Many of the recent HDN and other pan-disease studies, including the aforementioned, are based on molecular information. Such studies, despite significant successes, may have limitations. Most, if not all, diseases are only partially molecular. Shared environmental exposures, socioeconomic risk factors, and others can also lead to correlations among diseases. However, such non-molecular correlations cannot be effectively reflected in the existing HDNs. Shared molecular risk factors can only suggest the potential correlation in disease occurrence. That is, two diseases sharing common molecular risk factors not necessarily have a significantly higher (or lower) probability of co-occurrence, which may make the molecular HDNs practically less relevant. In addition, searching for the molecular basis is still an ongoing effort for most diseases, which may cast concerns on the credibility of the molecular HDNs.

There are also a few studies that establish disease interconnections based on clinical and epidemiological data. However, with constrained data availability, they are often limited to a small number of diseases and possibly biassed sample selection10.

The goal of this study is to construct the epidemiological HDN (eHDN), where two diseases are concluded as connected if their probability of co-occurring in clinics deviating from that expected under independence. This effort will take advantage of the unique Taiwan National Health Insurance Research Database (NHIRD; more details below). The eHDN fits the HDN analysis paradigm and will have similar important implications as the existing HDNs. On the other hand, it may advance from the existing literature in multiple aspects. Built on data observed in clinics, it can accommodate both molecular and non-molecular disease connections and hence be more comprehensive. By directly built on observed disease occurrence, it can be practically more relevant. In addition, with the huge sample size of NHIRD, the constructed network can be more reliable than some of the existing ones. Overall, this eHDN analysis may complement the existing molecular HDNs and significantly advance our understanding of disease interconnections from an epidemiological perspective. It may provide important insights for health care and management.

Methods

Database

Taiwan launched the single-payer national health insurance (NHI) programme on March 1st, 1995. By the end of 2004, about 99.9% of the Taiwan population were enrolled11,12. With the high cost of treatments that are not insured or by commercial insurance, the dominating majority of hospital/clinic-based disease treatments go through NHI. To get insurance reimbursement, hospitals and clinics are required to provide comprehensive data on each disease treatment episode. Data are then sorted and stored in NHIRD. Compared to other databases, unique advantages of the NHIRD may include unbiasedness (virtually the whole Taiwan population are covered), comprehensiveness (comprehensive information are available on all inpatient and outpatient treatment episodes), and uniformity (all data are collected and stored under the same protocol). NHIRD has served as the basis of a large number of biomedical and public health studies (with already close to 400 publications in PubMed). We refer to Hwang et al. and the NHIRD website for more detailed information on NHIRD11,13.

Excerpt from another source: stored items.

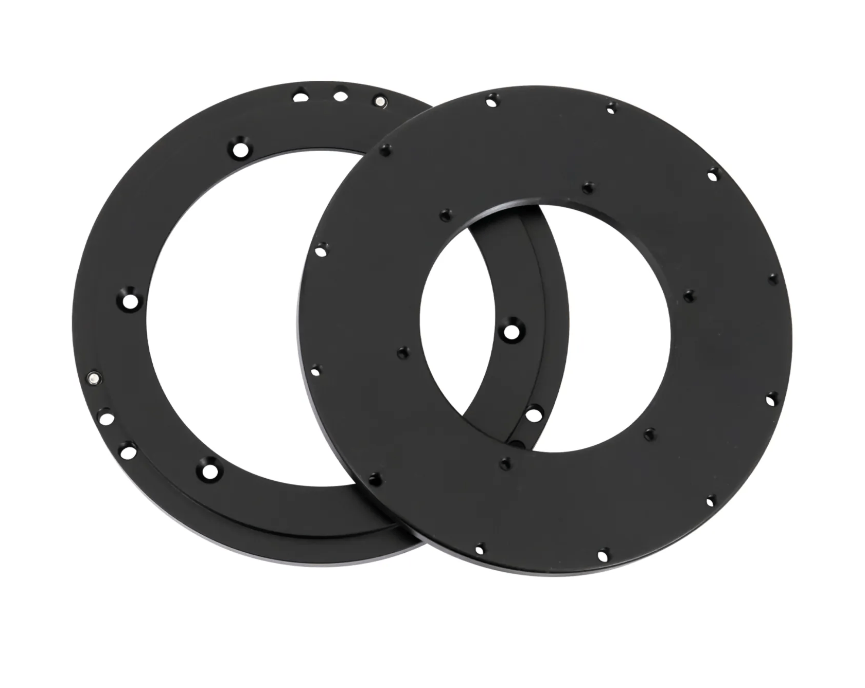 - Plaats vervolgens de tiltplaat van de M54-tilter op de camera. Draai ze om en bevestig de onder- en bovenplaat met drie M3-schroeven. Lijn de schroeven uit met de M3-schroefgaten (zoals weergegeven in de onderstaande mechanische tekening). De hoek tussen elke twee M3-schroeven moet 120° zijn.
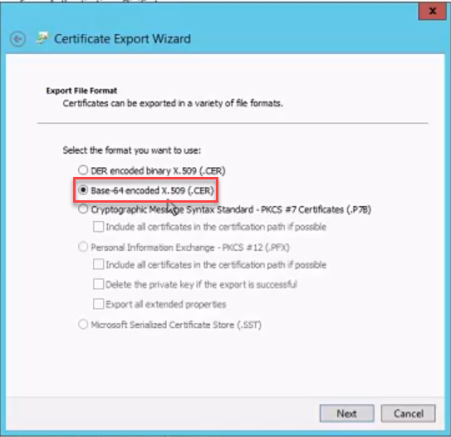 Also, when exporting your certificate using IIS, note that it MUST BE Base-64 encoded:
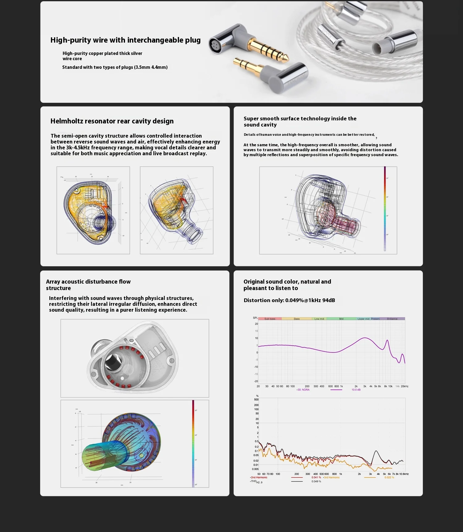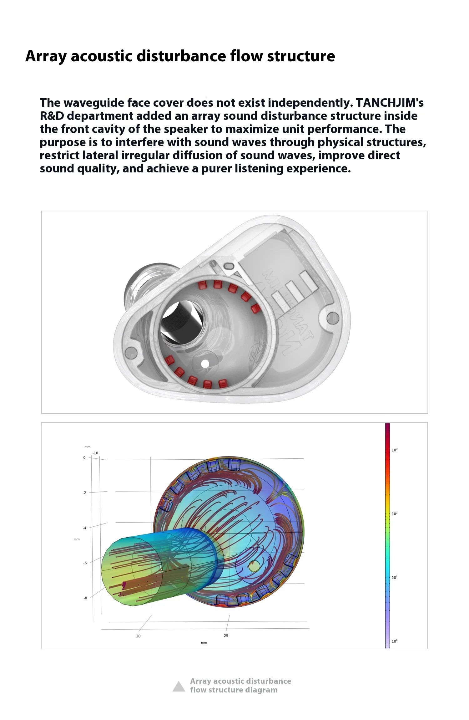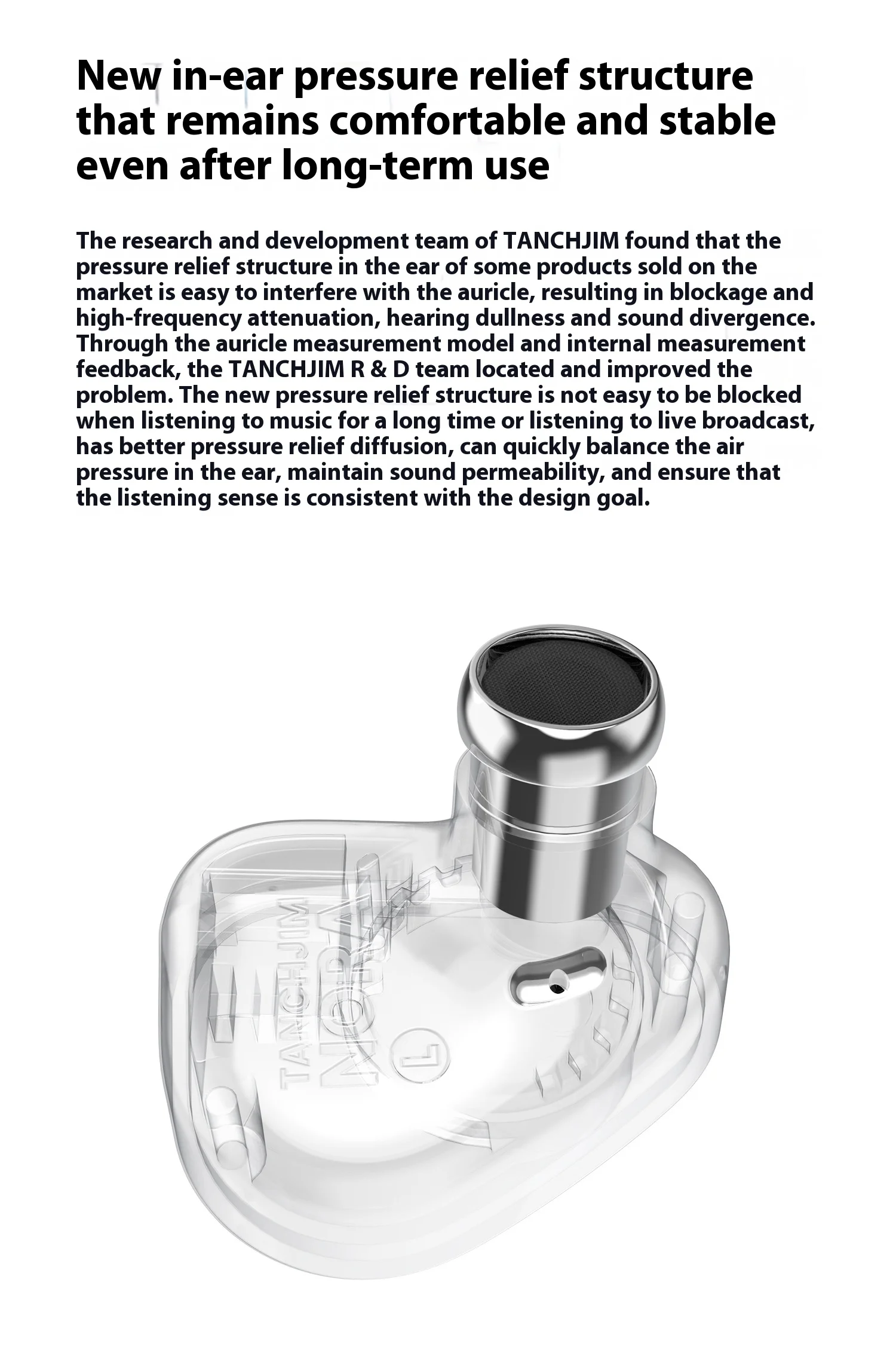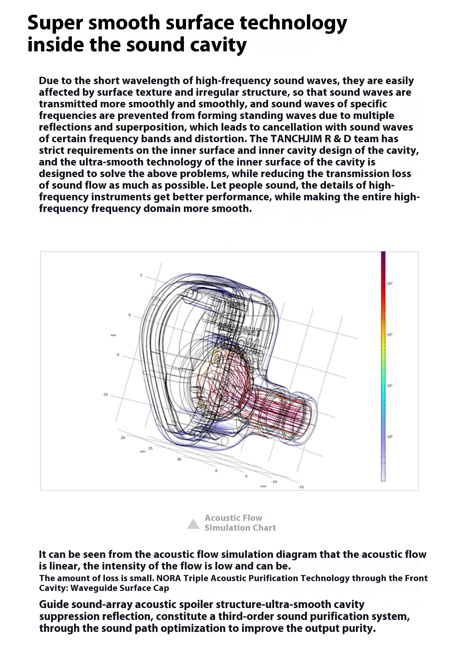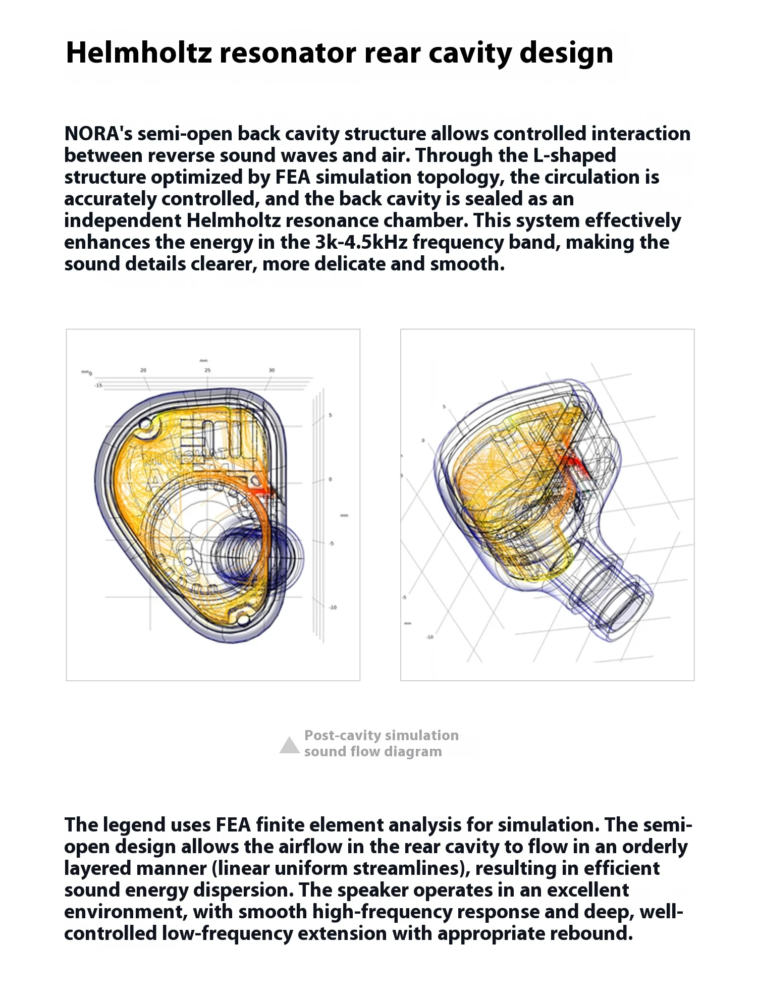 Experience acoustic engineers at Tanchjim have reimagined the acoustic structure of their IEMs for the Nora. The pair features a specially designed inner cavity that optimizes the sound signal flow. It features a super smooth surface inside the cavity to smoothen out the high-frequency resonances, with a Helmholtz resonator rear cavity design, the pair achieves controlled interaction between reverse sound waves and air. This Helmholtz resonator rear cavity optimizes the 3~4.5kHz frequency region, making vocals cleaner. We also have a new external vent which regulates the air-pressure buildup and ensures smooth comfort and enhanced bass response. Tanchjim Nora also features an Array acoustic disturbance flow structure. They have optimized the cavities with physical structures to restrict the sound wave movements in a controlled manner. This results in a pure, natural sound presentation with the pair.

In this study, we retrieved data collected between 2000 and 2013 from NHIRD. The initial dataset contains records on one million subjects (about 4.26% of Taiwan’s population) randomly selected from the 2005 registry for beneficiaries. In NHIRD, each subject has a unique ID, which is used to link different databases. For our analysis, we analysed both outpatient and inpatient treatments, with information in the CD (ambulatory care expenditures by visits) and DD (inpatient expenditures by admissions) files, respectively.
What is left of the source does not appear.